:: Required action ::
Print the first line of the records below and every line after it, up to and including the line with "8月24日,由全国工商联主办". Print nothing else.

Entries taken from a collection
******************************
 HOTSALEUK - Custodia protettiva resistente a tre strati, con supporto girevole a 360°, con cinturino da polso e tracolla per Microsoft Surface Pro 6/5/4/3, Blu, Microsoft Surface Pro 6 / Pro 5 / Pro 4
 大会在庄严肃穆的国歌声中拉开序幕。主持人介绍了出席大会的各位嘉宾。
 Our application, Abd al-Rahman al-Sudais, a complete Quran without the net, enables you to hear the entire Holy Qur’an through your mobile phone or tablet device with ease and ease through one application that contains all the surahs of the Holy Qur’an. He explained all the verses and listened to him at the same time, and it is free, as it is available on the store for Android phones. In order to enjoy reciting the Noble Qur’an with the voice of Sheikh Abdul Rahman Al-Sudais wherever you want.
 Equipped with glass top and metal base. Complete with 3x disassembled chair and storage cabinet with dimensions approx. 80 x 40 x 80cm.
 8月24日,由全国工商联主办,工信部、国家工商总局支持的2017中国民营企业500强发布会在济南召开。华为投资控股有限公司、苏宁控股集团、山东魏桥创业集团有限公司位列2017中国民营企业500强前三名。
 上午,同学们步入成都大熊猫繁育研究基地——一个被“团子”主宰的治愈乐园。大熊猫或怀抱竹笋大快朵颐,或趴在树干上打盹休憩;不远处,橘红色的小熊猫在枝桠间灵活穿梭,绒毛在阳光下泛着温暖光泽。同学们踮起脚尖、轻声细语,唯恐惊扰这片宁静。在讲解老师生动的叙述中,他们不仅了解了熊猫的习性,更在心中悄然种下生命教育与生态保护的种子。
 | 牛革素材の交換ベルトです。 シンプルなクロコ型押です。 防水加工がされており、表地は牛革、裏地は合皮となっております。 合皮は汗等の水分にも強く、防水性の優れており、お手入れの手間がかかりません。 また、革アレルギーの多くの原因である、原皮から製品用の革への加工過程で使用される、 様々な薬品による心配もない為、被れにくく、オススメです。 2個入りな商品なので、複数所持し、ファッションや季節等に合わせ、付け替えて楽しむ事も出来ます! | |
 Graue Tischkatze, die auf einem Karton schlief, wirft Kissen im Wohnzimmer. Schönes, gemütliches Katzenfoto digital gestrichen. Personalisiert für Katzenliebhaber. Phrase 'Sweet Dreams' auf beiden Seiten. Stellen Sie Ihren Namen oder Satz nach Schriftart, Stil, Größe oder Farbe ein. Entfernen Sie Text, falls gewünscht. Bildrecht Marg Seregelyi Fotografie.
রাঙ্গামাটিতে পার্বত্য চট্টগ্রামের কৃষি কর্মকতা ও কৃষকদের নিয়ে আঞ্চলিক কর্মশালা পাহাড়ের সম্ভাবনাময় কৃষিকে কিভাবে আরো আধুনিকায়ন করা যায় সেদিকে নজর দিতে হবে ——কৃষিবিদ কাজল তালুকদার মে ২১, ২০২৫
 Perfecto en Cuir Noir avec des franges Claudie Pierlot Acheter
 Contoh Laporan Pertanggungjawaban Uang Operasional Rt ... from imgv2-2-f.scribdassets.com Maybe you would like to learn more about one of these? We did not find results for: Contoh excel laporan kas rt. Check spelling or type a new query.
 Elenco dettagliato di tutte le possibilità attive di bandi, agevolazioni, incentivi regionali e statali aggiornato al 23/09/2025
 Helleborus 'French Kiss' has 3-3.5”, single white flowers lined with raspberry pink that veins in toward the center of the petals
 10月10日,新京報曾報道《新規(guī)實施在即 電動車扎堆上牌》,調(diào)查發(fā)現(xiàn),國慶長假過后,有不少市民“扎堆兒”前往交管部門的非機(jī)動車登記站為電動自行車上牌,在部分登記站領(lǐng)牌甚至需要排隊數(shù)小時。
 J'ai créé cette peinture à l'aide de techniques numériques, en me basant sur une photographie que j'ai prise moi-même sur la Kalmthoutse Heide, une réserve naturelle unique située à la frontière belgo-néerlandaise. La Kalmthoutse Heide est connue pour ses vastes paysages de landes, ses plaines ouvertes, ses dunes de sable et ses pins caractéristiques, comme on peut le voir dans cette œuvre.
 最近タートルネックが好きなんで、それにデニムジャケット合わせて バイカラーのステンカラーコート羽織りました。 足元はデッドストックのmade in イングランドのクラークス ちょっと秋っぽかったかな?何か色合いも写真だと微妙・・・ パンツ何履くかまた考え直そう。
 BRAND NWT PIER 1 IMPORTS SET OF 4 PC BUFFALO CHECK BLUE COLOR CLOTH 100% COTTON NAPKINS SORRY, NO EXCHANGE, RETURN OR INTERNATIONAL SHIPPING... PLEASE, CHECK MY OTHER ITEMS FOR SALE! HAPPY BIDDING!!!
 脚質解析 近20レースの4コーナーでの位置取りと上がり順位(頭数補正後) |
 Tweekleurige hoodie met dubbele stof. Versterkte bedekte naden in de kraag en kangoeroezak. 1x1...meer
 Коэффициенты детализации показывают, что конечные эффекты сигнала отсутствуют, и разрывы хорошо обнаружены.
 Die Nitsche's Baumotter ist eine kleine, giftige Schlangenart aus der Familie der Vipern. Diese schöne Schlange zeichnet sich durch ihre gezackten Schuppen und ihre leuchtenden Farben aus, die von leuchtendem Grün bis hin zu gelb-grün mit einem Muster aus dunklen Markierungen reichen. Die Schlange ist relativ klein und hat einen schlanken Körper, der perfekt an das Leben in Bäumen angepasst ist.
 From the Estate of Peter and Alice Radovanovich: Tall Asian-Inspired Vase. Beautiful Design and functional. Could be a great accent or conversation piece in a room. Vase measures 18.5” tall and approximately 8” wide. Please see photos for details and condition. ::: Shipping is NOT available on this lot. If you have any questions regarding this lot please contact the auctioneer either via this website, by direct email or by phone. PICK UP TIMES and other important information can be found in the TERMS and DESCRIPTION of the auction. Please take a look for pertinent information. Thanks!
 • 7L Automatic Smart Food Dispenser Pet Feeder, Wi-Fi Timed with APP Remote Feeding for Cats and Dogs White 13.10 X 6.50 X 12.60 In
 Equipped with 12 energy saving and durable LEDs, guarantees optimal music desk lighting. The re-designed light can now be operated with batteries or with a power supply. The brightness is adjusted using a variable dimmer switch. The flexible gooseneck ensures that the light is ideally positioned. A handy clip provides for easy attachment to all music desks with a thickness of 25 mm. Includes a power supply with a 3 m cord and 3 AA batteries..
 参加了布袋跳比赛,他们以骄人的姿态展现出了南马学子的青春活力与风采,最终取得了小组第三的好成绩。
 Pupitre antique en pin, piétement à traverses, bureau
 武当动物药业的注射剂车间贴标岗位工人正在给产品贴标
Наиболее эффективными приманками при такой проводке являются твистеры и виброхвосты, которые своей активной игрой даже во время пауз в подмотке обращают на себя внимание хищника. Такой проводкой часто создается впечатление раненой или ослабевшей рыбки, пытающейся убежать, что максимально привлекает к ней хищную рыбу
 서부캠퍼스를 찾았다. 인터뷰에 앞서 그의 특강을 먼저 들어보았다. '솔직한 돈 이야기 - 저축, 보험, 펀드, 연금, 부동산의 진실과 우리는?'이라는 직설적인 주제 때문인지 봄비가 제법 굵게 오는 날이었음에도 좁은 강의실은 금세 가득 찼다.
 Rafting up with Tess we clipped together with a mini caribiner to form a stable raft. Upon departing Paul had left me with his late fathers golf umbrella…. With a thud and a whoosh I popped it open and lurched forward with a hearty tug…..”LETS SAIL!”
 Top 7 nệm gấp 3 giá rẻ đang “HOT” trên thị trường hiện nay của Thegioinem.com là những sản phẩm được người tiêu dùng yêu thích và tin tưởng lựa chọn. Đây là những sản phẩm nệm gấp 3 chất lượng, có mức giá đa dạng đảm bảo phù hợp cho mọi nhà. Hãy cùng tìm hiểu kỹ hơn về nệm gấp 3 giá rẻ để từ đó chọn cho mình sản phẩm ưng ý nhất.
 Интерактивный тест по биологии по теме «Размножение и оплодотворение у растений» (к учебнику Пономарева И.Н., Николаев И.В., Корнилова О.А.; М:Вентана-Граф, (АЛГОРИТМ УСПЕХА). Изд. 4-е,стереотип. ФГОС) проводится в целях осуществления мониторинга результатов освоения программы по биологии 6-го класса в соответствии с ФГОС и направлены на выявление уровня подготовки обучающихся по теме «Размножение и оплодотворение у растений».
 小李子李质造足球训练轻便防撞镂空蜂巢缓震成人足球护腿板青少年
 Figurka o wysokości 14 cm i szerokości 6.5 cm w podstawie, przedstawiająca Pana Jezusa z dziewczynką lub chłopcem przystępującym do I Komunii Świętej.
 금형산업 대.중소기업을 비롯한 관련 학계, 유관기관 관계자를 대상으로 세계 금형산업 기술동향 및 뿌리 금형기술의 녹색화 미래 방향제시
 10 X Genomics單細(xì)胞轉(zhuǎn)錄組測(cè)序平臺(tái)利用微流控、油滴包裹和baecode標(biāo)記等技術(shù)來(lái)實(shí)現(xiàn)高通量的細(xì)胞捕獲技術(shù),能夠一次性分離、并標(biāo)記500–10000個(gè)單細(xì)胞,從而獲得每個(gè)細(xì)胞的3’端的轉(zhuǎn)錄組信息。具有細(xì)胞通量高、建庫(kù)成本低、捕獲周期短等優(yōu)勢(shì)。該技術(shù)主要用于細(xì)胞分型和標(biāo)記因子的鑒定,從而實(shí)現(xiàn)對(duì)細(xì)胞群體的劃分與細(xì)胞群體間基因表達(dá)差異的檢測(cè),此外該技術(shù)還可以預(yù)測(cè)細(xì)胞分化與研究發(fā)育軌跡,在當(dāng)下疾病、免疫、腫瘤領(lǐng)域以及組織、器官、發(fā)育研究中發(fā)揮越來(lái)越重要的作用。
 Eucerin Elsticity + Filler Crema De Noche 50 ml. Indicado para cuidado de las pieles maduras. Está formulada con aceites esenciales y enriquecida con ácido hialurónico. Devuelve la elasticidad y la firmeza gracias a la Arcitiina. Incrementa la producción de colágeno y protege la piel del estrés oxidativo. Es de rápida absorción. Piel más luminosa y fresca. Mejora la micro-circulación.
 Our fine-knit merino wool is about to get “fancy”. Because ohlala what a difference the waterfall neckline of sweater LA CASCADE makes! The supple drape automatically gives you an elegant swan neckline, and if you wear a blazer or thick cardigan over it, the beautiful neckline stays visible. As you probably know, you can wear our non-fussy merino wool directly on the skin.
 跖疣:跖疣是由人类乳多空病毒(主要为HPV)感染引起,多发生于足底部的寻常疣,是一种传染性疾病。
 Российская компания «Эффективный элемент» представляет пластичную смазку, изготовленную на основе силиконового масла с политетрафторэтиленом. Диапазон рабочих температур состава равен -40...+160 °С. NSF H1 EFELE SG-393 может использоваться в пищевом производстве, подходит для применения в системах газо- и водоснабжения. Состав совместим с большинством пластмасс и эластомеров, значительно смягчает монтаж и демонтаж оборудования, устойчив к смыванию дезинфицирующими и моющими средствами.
******************************
:: Problem solution ::
 HOTSALEUK - Custodia protettiva resistente a tre strati, con supporto girevole a 360°, con cinturino da polso e tracolla per Microsoft Surface Pro 6/5/4/3, Blu, Microsoft Surface Pro 6 / Pro 5 / Pro 4
 大会在庄严肃穆的国歌声中拉开序幕。主持人介绍了出席大会的各位嘉宾。
 Our application, Abd al-Rahman al-Sudais, a complete Quran without the net, enables you to hear the entire Holy Qur’an through your mobile phone or tablet device with ease and ease through one application that contains all the surahs of the Holy Qur’an. He explained all the verses and listened to him at the same time, and it is free, as it is available on the store for Android phones. In order to enjoy reciting the Noble Qur’an with the voice of Sheikh Abdul Rahman Al-Sudais wherever you want.
 Equipped with glass top and metal base. Complete with 3x disassembled chair and storage cabinet with dimensions approx. 80 x 40 x 80cm.
 8月24日,由全国工商联主办,工信部、国家工商总局支持的2017中国民营企业500强发布会在济南召开。华为投资控股有限公司、苏宁控股集团、山东魏桥创业集团有限公司位列2017中国民营企业500强前三名。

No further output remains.